Task description:
Please output the line containing "University of Arkansas - Fort Smith" and all lines that follow it in the data below, exactly, with no pictures.

Given information:
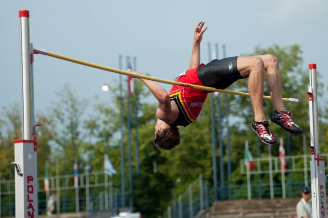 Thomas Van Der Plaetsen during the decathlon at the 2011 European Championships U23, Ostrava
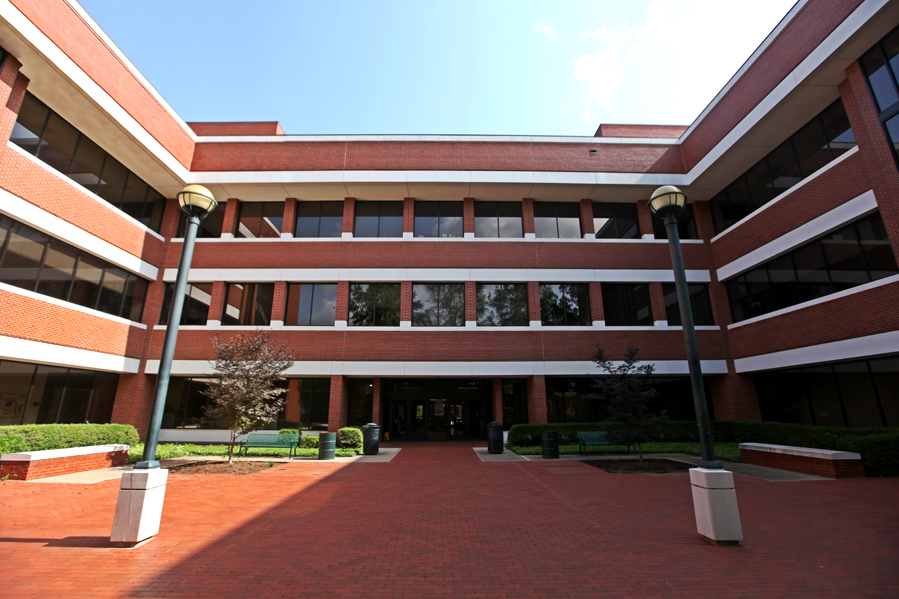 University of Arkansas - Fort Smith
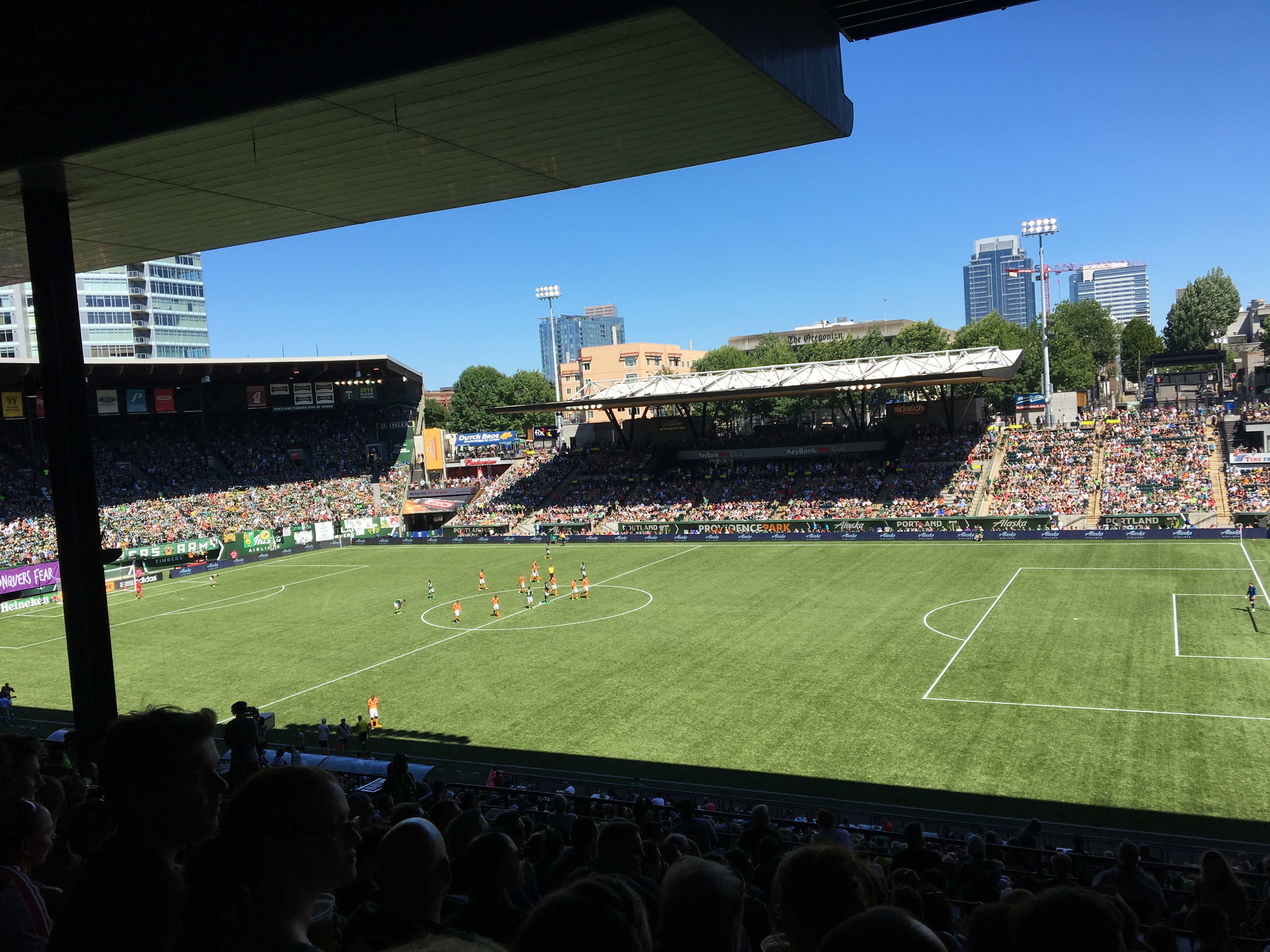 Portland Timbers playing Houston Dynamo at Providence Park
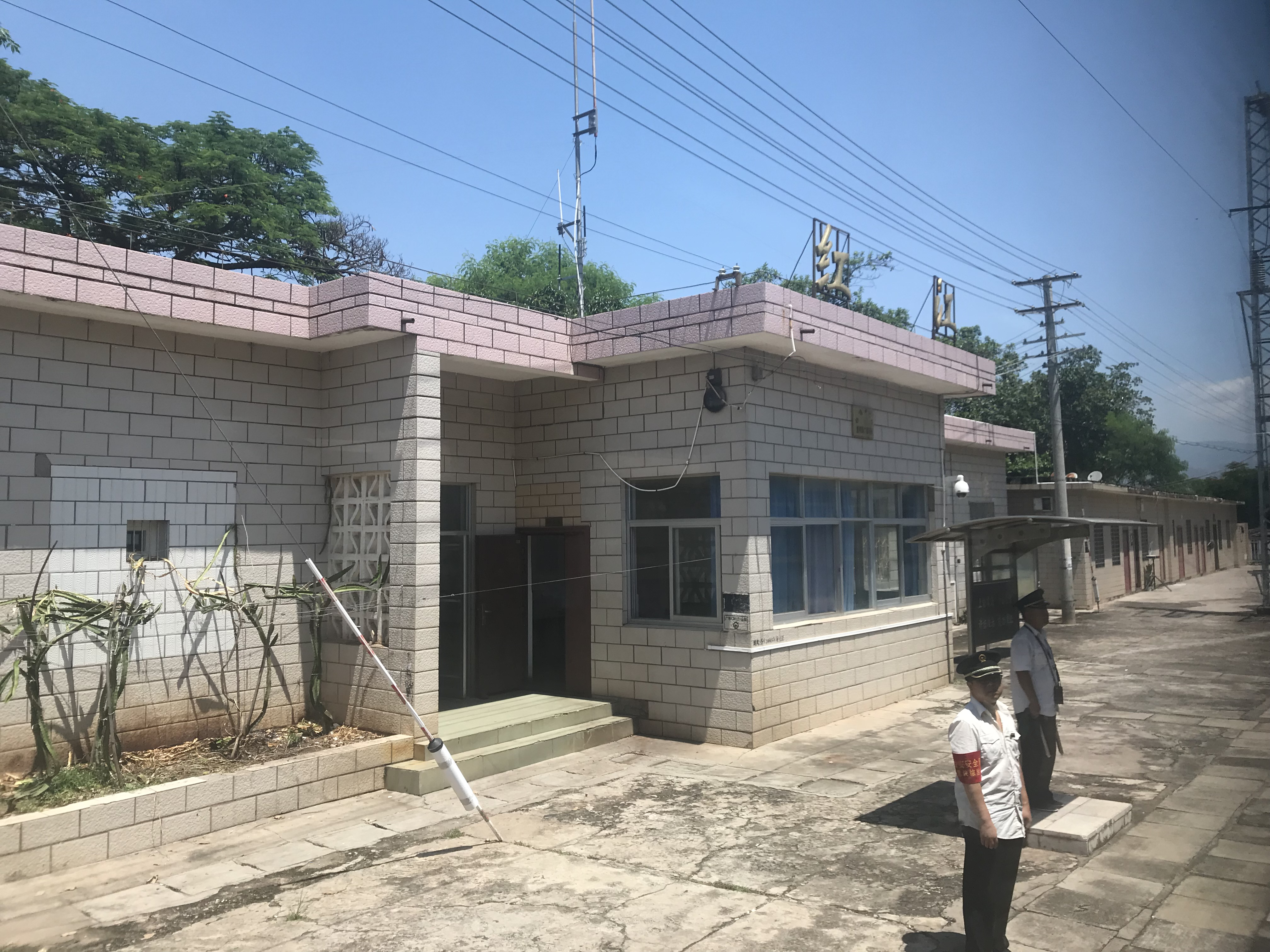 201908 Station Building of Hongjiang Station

Worked solution:
 University of Arkansas - Fort Smith
 Portland Timbers playing Houston Dynamo at Providence Park
 201908 Station Building of Hongjiang Station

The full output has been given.